*** Begin section ***
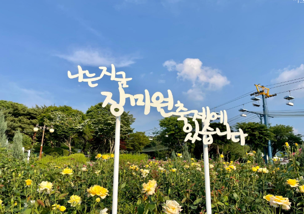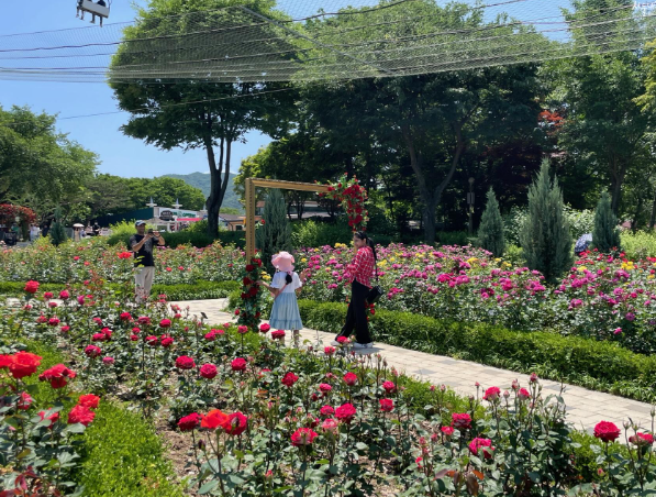 장미원은 약 54,075㎡의 넓은 면적에 179종, 38,000주의 다양한 색상과 향기를 지닌 장미가 식재되어 있습니다. 축제기간 동안에는 원형분수와 바닥분수가 운치를 더하며, 호수 주변의 산책로에서 평화로운 산책도 즐길 수 있습니다.
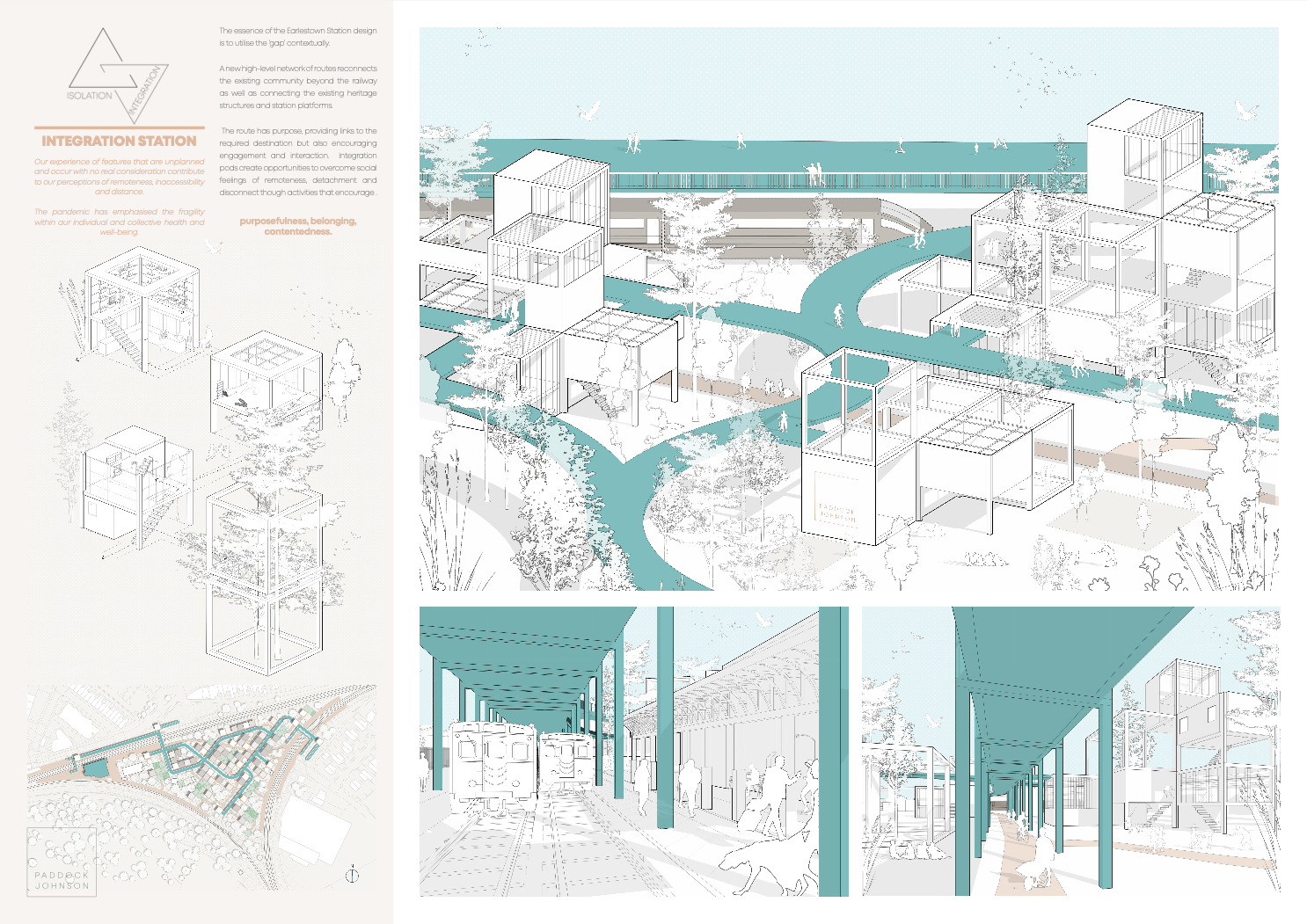 The essence of the Earlestown Station design is to utilise the ‘gap’ contextually. A new high-level network of routes reconnects the existing community beyond the railway as well as connecting the existing heritage structures and station platforms. The route has purpose, providing links to the required destination but also encouraging engagement and interaction. Integration pods create opportunities to overcome social feelings of remoteness, detachment and disconnect though activities that encourage . . .
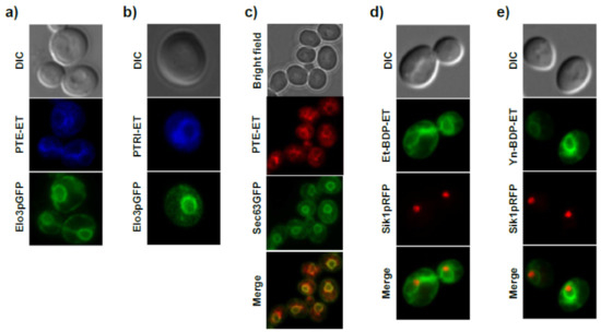 In an attempt to unveil the molecular mechanism of the antitumor ether lipid edelfosine, we used the budding yeast Saccharomyces cerevisiae—which is sensitive to the cytotoxic action of edelfosine [197,199,200,212]—as an experimental eukaryotic model organism [213]. We found that different fluorescent edelfosine analogs (PTE-ET, PTRI-ET, Et-BDP-ET, and Yn-BDP-ET) (Figure 6) yielded a similar localization pattern in yeast (Figure 8) [200]. This pattern of fluorescent edelfosine consisted of a bag-like envelope surrounding the nucleus (identified by the nucleolus marker Sik1p tagged with RFP), which resembled the morphological traits of the ER (Figure 8) [200]. In fact, we found an excellent colocalization between fluorescent edelfosine and the ER, as assessed by using Elo3p-GFP or Sec63pGFP as ER markers (Figure 8) [200]. No colocalization was detected between fluorescent edelfosine and other subcellular organelles or compartments, such as the Golgi, spindle pole, endosomes, cytoskeleton, peroxisomes, and lipid droplets [200]. Quantification of the subcellular localization of fluorescent edelfosine in S. cerevisiae showed that most of the antitumor ether lipid accumulated in the ER, albeit an additional localization was found in the yeast [200]. Interestingly, edelfosine binds to lipid rafts in both human cells [180,181,184,188] and yeast [199,200]. As a matter of fact, edelfosine was mainly found in the ER after 3 h of incubation with S. cerevisiae, but a significant amount of the antitumor drug was also found in lipid rafts, as determined after sucrose gradient raft isolation [199,200], which could suggest the presence of lipid rafts in the ER [200]. On the other hand, the ER localization of edelfosine in yeast did not depend on endocytosis, as PTE-ET could still be detected in endocytosis-defective end4pep4Δ mutants [200]. Thus, it is tempting to envisage the existence of traffic between the plasma membrane and the ER through lipid rafts. In this regard, it is worth remembering that the ER is a large intracellular organelle extending from the nuclear envelope to the cell membrane.
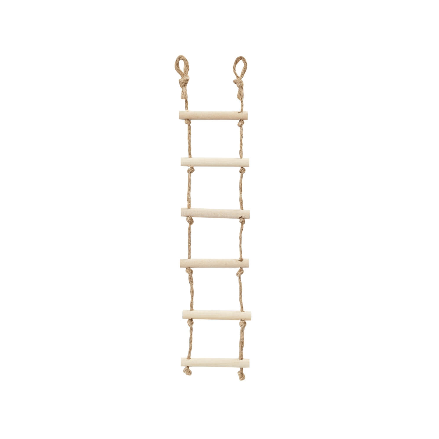 Feenhaus-Dekoration: Hänge die Strickleiter in ein Feenhaus, als Aufstieg zur Schlafplattform oder als Verbindung zu einem Miniatur-Balkon. Ergänzt mit Moos und kleinen Holzstücken wirkt alles besonders märchenhaft.
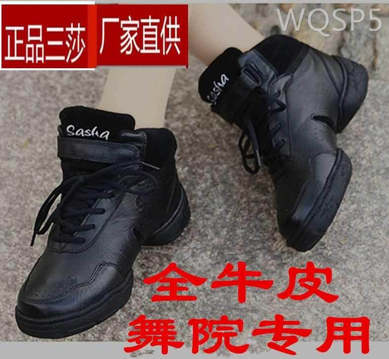 三莎舞蹈鞋女牛皮跳舞鞋增高爵士黑色软底真皮广场舞现代舞鞋正品
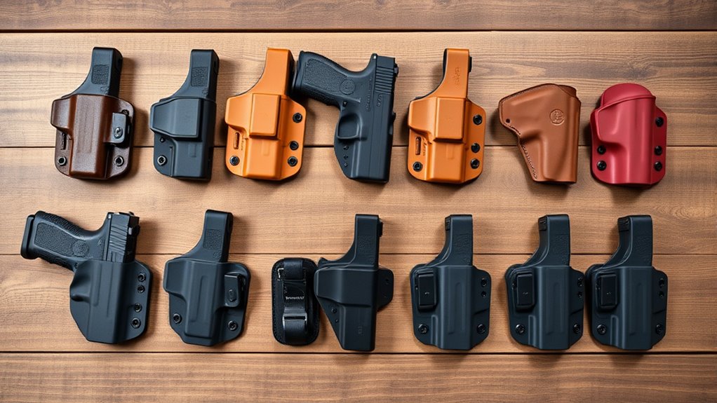Some holsters feature adjustable retention, letting you fine-tune how tightly your pistol fits, balancing security with speed. When choosing, consider how much retention you need without sacrificing quick access. Too tight, and you’ll struggle to draw; too loose, and your firearm risks falling out or accidental discharge.
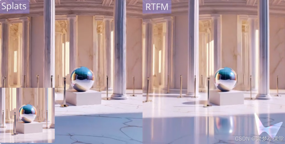 RTFM 能渲染光照、反射等复杂特效,这些能力均通过数据端到端习得。
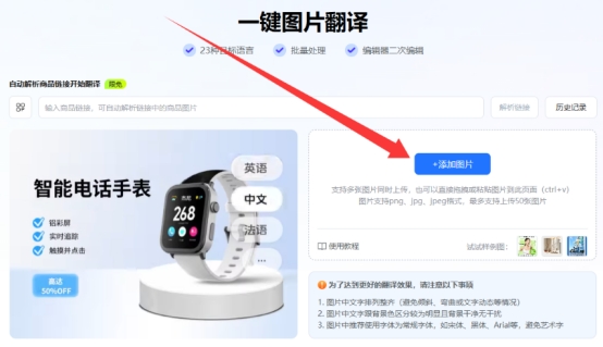 进入易可图,打开图片工具箱,选择图片翻译进入功能页面,然后将您要翻译的图片上传进来;
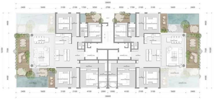 度假风格的户型设计——在低密度的社区规划下,户型设计充分考量了楼间距和光照条件,真正实现了居住空间的自由拓展。开阔的空间布局、偶遇的惊喜、宜人的自然风光以及一流的配套设施共同营造了浓厚的度假氛围。为了打造与众不同的居住体验,设计师们进行了大胆的创新实验。他们把深受住户喜爱的庭院空间引入到了高楼之中—通过巧妙地设计奇数层和偶数层的错位排列阳台,每个单元的某一部分阳台能够享有双倍高度的空间,自然形成宽敞的空中露台。
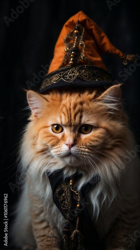 Charming Persian Cat in an Intricate Black Wizard Hat Capturing the Essence of Magical Wonder
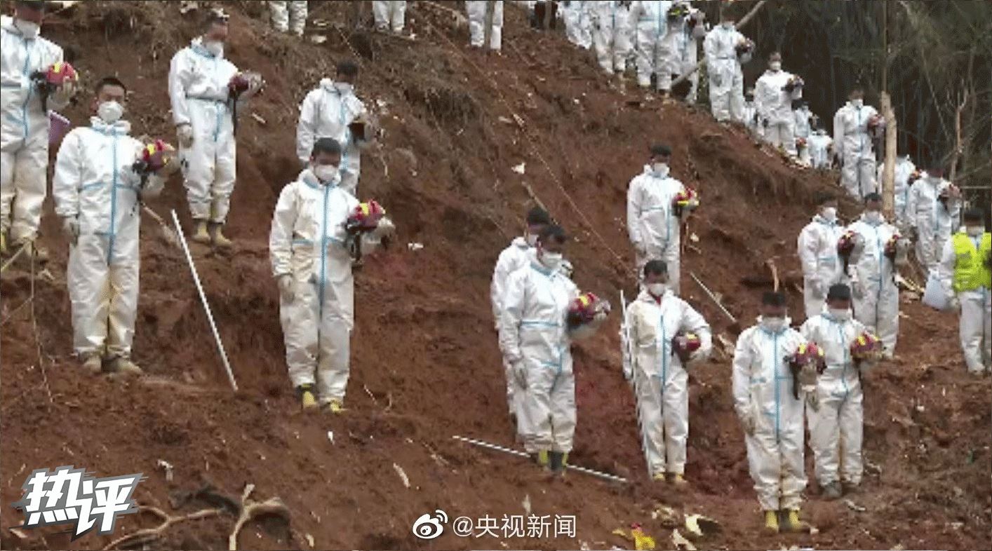 3月27日下午,“3·21”東航MU5735航空器飛行事故遇難者集體哀悼活動在事發(fā)地搜救現(xiàn)場舉行。全場鳴笛,國家應(yīng)急處置指揮部全體人員、事故現(xiàn)場搜救人員等面向遇難飛機方向肅穆而立,默哀三分鐘,以此寄托對遇難者的哀思。
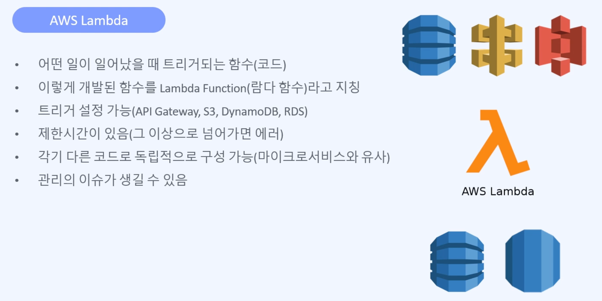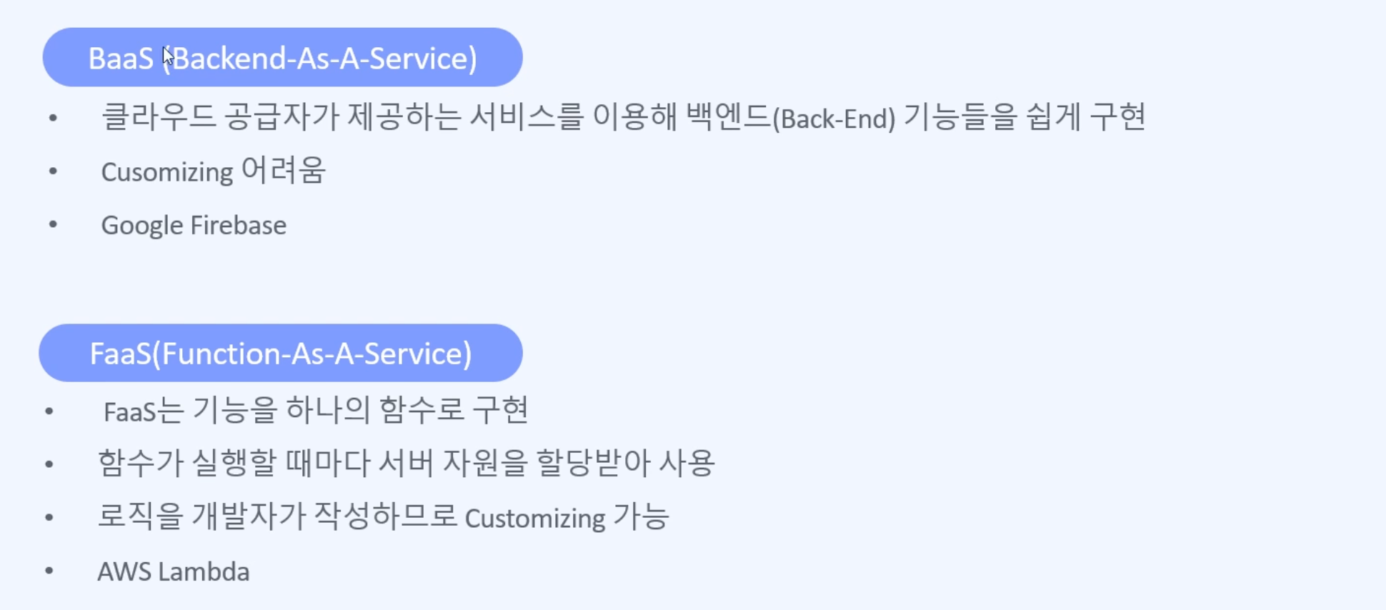 - FaaS 대표 : AWS lambda
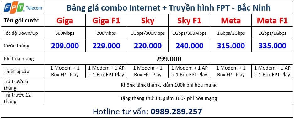 3. Bảng giá Combo Internet và Truyền hình FPT tại Bắc Ninh
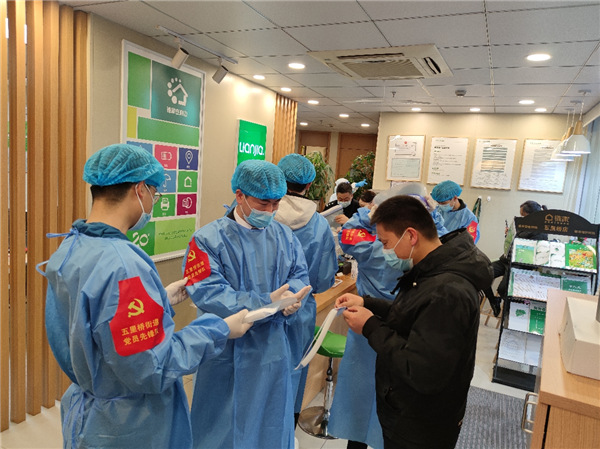 鏈家徐匯中心店的商圈經理徐健康也是接到居委的招募通知后,第一時間在門店發起了召集,盡管大家都知道幫忙做核酸采集指引工作有一定的風險,但無一人退縮,放下工作第一時間奔赴現場,前前后后門店出動了17個人!澳軐嶋H幫助到居民,我們做的一切就都是值得的!”
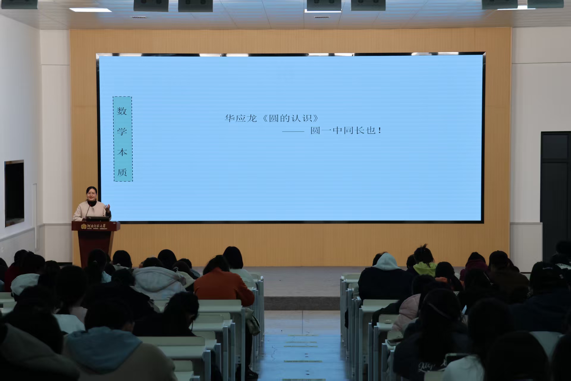 为有效提升师范生的教育情怀、学术素养和综合能力,引导师范生重塑对教师角色的认知,清晰规划从学生到教师的角色转型路径,11月23日晚,我校2025-2026学年第五期“智汇名师讲堂”师范生成长专题讲座在西校区学苑餐厅三楼树蕙堂成功举办。本次活动由共青团河南师范大学委员会与河南省“万名中小学校长培训计划”联合主办,特邀安阳市刘家庄小学副校长、河南省名师康莉担任主讲嘉宾,来自各院系的400余名学生共同聆听报告。
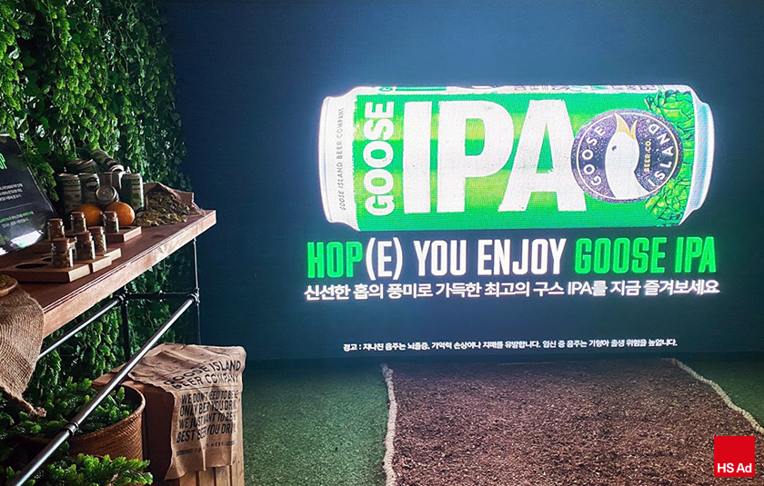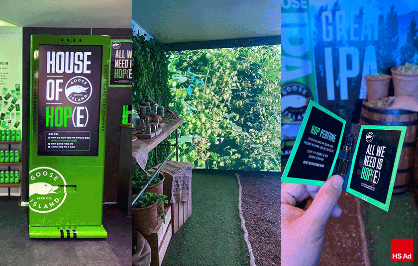 최근 매장들의 공실률이 늘면서 가로수길이 팝업스토어의 주요 무대가 되고 있습니다. 구스아일랜드도 가로수길 메인 위치에 하우스 오브 홉 캠페인을 선보였는데요. 구스아일랜드는 오랜 시간을 견뎌낸 홉이 최고의 구스 IPA가 되는 것처럼, 다시 평범한 일상을 영위할 수 있길 바라는 모두의 희망(Hope)을 담아 이번 하우스 오브 홉 캠페인을 진행하게 되었다고 합니다. 팝업 공간은 굿즈와 SNS공유 이벤트 위주로 꾸며진 1층과 전문 도슨트와 함께 브랜드의 다양한 스토리와 제품을 실제 체험해 볼 수 있는 2층으로 구성되어 있는데요. 1층에서는 한정판 제품 구매도 가능하며, 비치된 물품들을 활용해 나만의 희망 메시지를 넣은 커스터마이징 Hop(e) IPA 캔 만들기 및 포토존을 활용한 다양한 SNS 공유 이벤트를 진행하고 있었습니다. 지정된 시간에 제한된 인원으로 입장 가능한 2층은 구스아일랜드의 엘크마운틴 홉 농장을 재현한 컨셉존으로 만들어졌는데요. 제품에 사용되는 홉을 직접 만져보고 향도 맡아보면서, 브랜드의 히스토리와 철학에 대해 알아보고 시음도 해보는 의미 있는 시간을 경험하게 합니다.
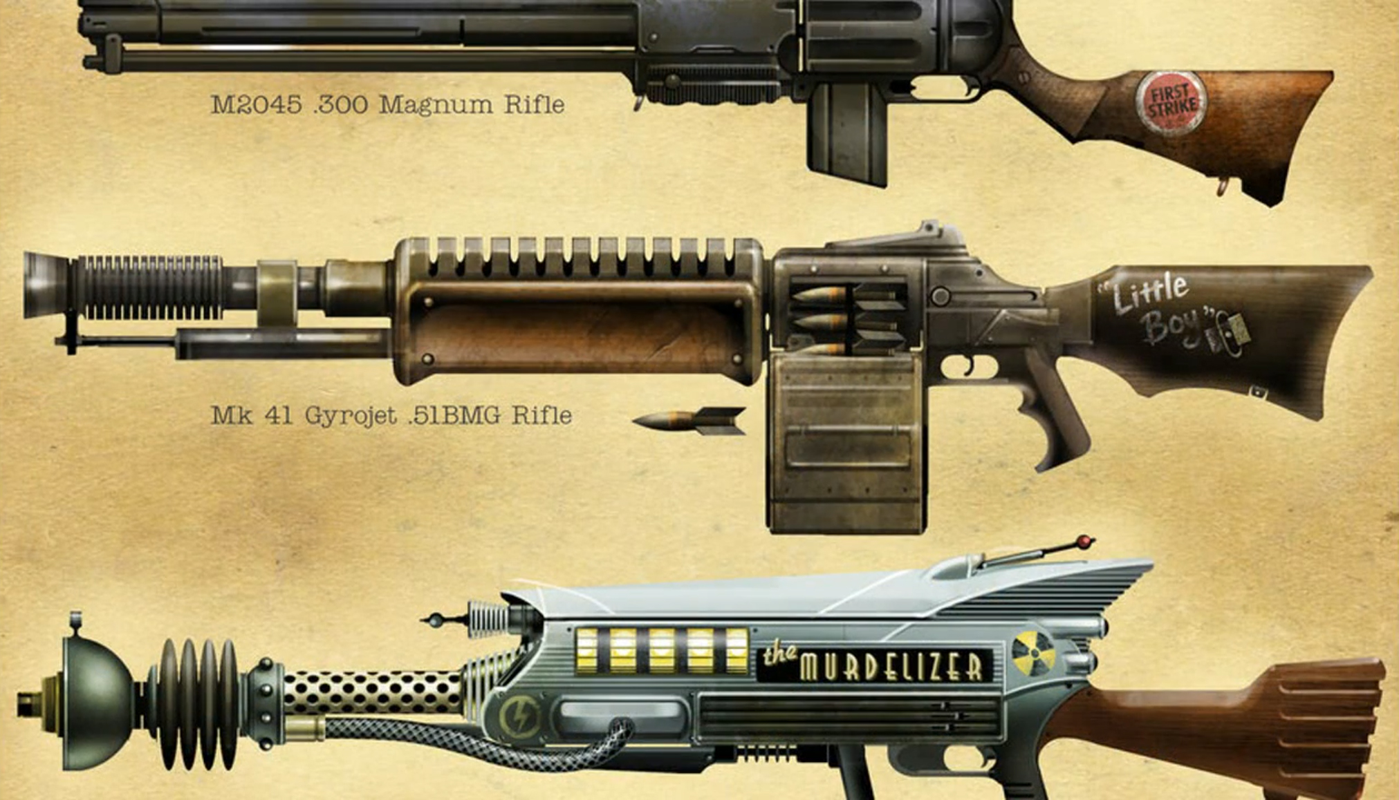 >>555467598Yes. Mostly talking fallout 1/2, but if you add on tactics you get a ton of irl manufacturers (Beretta, Colt, Casull, Browning, Calico, Walther, etc etc H&K -> 10mm smg, p90c, l30 gatling laser, g11, cawsWinchester -> combat shotgun, plasma caster, double-barrelGlock -> plasma defenderRockwell -> bazooka, minigunRheinmetall -> vindicatorSig-Sauer -> 14mm pistol, p220FN Herstal -> fn falMauser -> broomhandlethere's more but idc
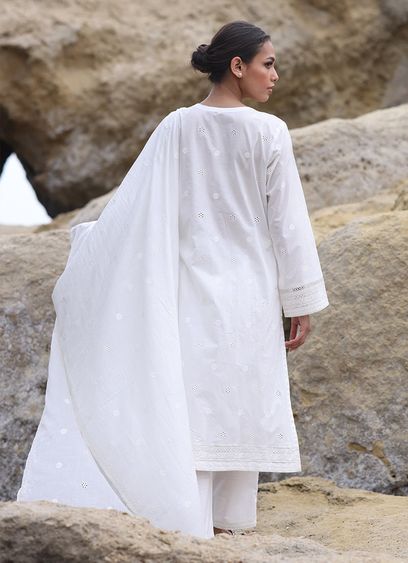 The White Cotton Embroidered 3-Pc Suit from our Spring Pret '25 collection features an embroidered shirt with V neckline paired with embroidered trousers & dupatta.
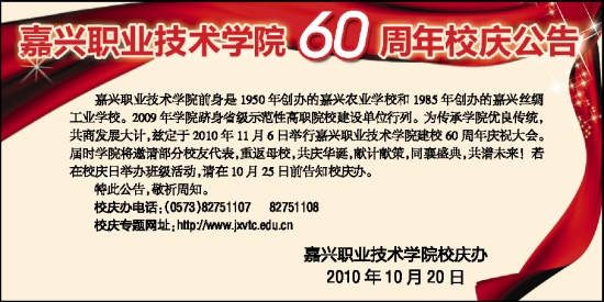 嘉兴职业技术学院前身是1950年创办的嘉兴农业学校和1985年创办的嘉兴丝绸工业学校。2009年学院跻身省级示范性高职院校建设单位行列。为传承学院优良传统,共商发展大计,兹定于2010年11月6日举行嘉兴职业技术学院建校60周年庆祝大会。届时学院将邀请部分校友代表,重返母校,共庆华诞,献计献策,同襄盛典,共谱未来!若在校庆日举办班级活动,请在10月25日前告知校庆办。
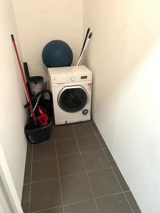 Obok mieszkania komórka lokatorska z pralką, (możliwe trzymanie w niej roweru, wózka),
*** End section ***
WORK TASK: For the entries above, print exactly the lines between the one with "鏈家徐匯中心店的商圈經理徐健" and the one with "최근 매장들의 공실률이", inclusive, with no pictures.

EXERCISE ANSWER:
 鏈家徐匯中心店的商圈經理徐健康也是接到居委的招募通知后,第一時間在門店發起了召集,盡管大家都知道幫忙做核酸采集指引工作有一定的風險,但無一人退縮,放下工作第一時間奔赴現場,前前后后門店出動了17個人!澳軐嶋H幫助到居民,我們做的一切就都是值得的!”
 为有效提升师范生的教育情怀、学术素养和综合能力,引导师范生重塑对教师角色的认知,清晰规划从学生到教师的角色转型路径,11月23日晚,我校2025-2026学年第五期“智汇名师讲堂”师范生成长专题讲座在西校区学苑餐厅三楼树蕙堂成功举办。本次活动由共青团河南师范大学委员会与河南省“万名中小学校长培训计划”联合主办,特邀安阳市刘家庄小学副校长、河南省名师康莉担任主讲嘉宾,来自各院系的400余名学生共同聆听报告。
 최근 매장들의 공실률이 늘면서 가로수길이 팝업스토어의 주요 무대가 되고 있습니다. 구스아일랜드도 가로수길 메인 위치에 하우스 오브 홉 캠페인을 선보였는데요. 구스아일랜드는 오랜 시간을 견뎌낸 홉이 최고의 구스 IPA가 되는 것처럼, 다시 평범한 일상을 영위할 수 있길 바라는 모두의 희망(Hope)을 담아 이번 하우스 오브 홉 캠페인을 진행하게 되었다고 합니다. 팝업 공간은 굿즈와 SNS공유 이벤트 위주로 꾸며진 1층과 전문 도슨트와 함께 브랜드의 다양한 스토리와 제품을 실제 체험해 볼 수 있는 2층으로 구성되어 있는데요. 1층에서는 한정판 제품 구매도 가능하며, 비치된 물품들을 활용해 나만의 희망 메시지를 넣은 커스터마이징 Hop(e) IPA 캔 만들기 및 포토존을 활용한 다양한 SNS 공유 이벤트를 진행하고 있었습니다. 지정된 시간에 제한된 인원으로 입장 가능한 2층은 구스아일랜드의 엘크마운틴 홉 농장을 재현한 컨셉존으로 만들어졌는데요. 제품에 사용되는 홉을 직접 만져보고 향도 맡아보면서, 브랜드의 히스토리와 철학에 대해 알아보고 시음도 해보는 의미 있는 시간을 경험하게 합니다.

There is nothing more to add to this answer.